By Erin McCarthy and Paulo Trevisani 
 

Investors shouldn't expect any major shifts in Brazil's economic policy this year, as the markets look for more clarity from policy makers, said Will Landers, Latin America fund manager at the world's largest money manager, BlackRock.

Brazilian authorities have been on a tightrope walk between containing inflationary pressures while not letting currency strength hamper exporters' competitiveness. That has led the central bank to keep the currency trading in a range of around BRl1.95-BRL2.05 per dollar.

For now, Brazil has enough firepower to keep this balancing act going, even though a stronger real would be closer to fair value, said Landers, whose team manages about $6.5 billion in Latin American equities.

"They have enough liquidity in their hands...that in the short term they can manage the currency," he said in an interview with Dow Jones.

That means there's no reason the real would move closer to fair value for now, which Mr. Landers sees as around BRL1.80-BRL1.85 per dollar. Instead, he expects it to trade in the middle of the BRL1.90-BRL2 range as Brazilian policymakers aren't keen on the currency appreciating much farther from here. On Friday, the dollar traded at BRL1.9733, according to CQG.

While the strengthening of the real to current levels from above BRL2 per dollar in January is positive for foreign investors, it's still far better for "market forces" to determine the exchange rate, he adds.

Mr. Landers expects Brazilians to keep on buying more goods and services, and reducing their debt load, a trend that he expects will benefit stocks of consumption-related companies.

Unemployment in Brazil is at historic lows, meaning that more families are likely to see their buying power growing. Education, retail and food companies are likely to gain from it, said Mr. Landers. "The consumer will still be there."

BRF-Brasil Foods SA (BRFS3.BR, BRFS), a poultry producer, is also among the top-10 holdings of Mr. Landers's fund.

Although BlackRock won't disclose its holdings beyond the top-10 of each fund, Mr. Landers said a relatively new wave of private-school companies are also promising.

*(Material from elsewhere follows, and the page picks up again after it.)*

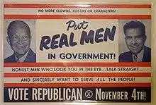 The second half of the 20th century saw the election or succession of Republican presidents Dwight D. Eisenhower, Richard Nixon, Gerald Ford, Ronald Reagan and George H. W. Bush. Eisenhower had defeated conservative leader Senator Robert A. Taft for the 1952 nomination, but conservatives dominated the domestic policies of the Eisenhower administration. Voters liked Eisenhower much more than they liked the GOP and he proved unable to shift the party to a more moderate position. Since 1976, liberalism has virtually faded out of the Republican Party, apart from a few Northeastern holdouts.[47] Historians cite the 1964 United States presidential election and its respective 1964 Republican National Convention as a significant shift, which saw the conservative wing, helmed by Senator Barry Goldwater of Arizona, battle the liberal New York Governor Nelson Rockefeller and his eponymous Rockefeller Republican faction for the party presidential nomination. With Goldwater poised to win, Rockefeller, urged to mobilize his liberal faction, relented, "You’re looking at it, buddy. I’m all that’s left."[48][49] Though Goldwater lost in a landslide, Reagan would make himself known as a prominent supporter of his throughout the campaign, delivering the "A Time for Choosing" speech for him. He'd go on to become governor of California two years later, and in 1980, win the presidency.[50]

"Education is a great sector," he said, citing a college-education credit program held by state-owned bank Caixa Economica Federal which offers low-rate loans for low-income students. "It is a very attractive financing mechanism," he said.

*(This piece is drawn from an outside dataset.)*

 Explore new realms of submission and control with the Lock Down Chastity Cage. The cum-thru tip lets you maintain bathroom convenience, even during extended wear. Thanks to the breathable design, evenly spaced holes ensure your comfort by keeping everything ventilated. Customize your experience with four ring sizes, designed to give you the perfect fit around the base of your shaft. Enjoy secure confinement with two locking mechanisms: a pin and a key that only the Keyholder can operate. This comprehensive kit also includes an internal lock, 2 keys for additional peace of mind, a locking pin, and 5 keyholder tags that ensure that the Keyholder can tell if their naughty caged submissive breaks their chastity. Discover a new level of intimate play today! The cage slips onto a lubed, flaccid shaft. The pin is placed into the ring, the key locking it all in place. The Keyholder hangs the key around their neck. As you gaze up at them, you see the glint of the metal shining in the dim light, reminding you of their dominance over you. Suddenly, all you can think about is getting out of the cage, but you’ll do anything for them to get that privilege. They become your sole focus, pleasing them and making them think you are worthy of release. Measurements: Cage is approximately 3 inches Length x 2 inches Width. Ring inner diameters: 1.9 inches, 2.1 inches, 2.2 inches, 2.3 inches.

Publicly traded colleges in Brazil "offer good value for decent education," he said.

Mr. Landers also likes Brazilian banks. "They are not the cheapest in the world, but they are still attractive," he said. Banco Bradesco (BBD, BBDO) and Itau Unibanco Holding (ITUB3.BR, ITUB) are both on his top-10 list.

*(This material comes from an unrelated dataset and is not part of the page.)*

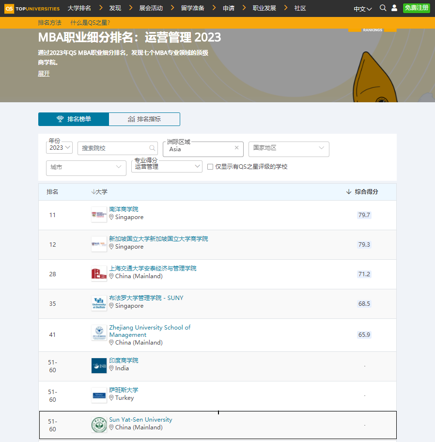 In addition, in the QS Global Full-time MBA Rankings 2023 released in the same period, the full-time MBA program of our school also ranked among the Top 150 in the world. Among them, in the "MBA Career Segment Ranking - Operations Management", our school ranked among the Top 60 in the world, 8th in Asia ; In the "MBA Career Segment Ranking - Information Management", our school also entered the Global Top 100.

Another Brazilian non-consumer stock on the list is toll-road firm Grupo CCR.

Mr. Landers is still optimistic with Brazil's iron powerhouse Vale SA (VALE, VALE3.BR), thanks to high iron prices--which increased 17.63% in 12 months as of last January, according to Index Mundi. Vale is at the top of BlackRock's Latin America Fund, with 8.7% of its net assets held by the fund.

His prospects are less bright for Petroleo Brasileiro SA (PBR, PETR3.BR) the state-controlled oil giant that has been showing disappointing results lately. Although still the fourth-largest holding in his fund, Petrobras still keeps its prices around 15% to 20% below the world average, Mr. Landers said, while having to pay the same price for crude as everybody else.

His equity fund ended 2012 with a drop of around 15% in total assets, but Landers believes the fund could grow this year as Brazil is expected to deliver stronger growth than last year's estimated 1% or less in gross domestic product growth.

A new push for infrastructure expansion in Brazil could also help, Mr. Landers said, if more Brazilian companies in the sector listed stocks. Brazil's largest infrastructure groups are closely held, and while Mr. Landers believes they will continue to be, "it would be helpful if they listed some of their subsidiaries."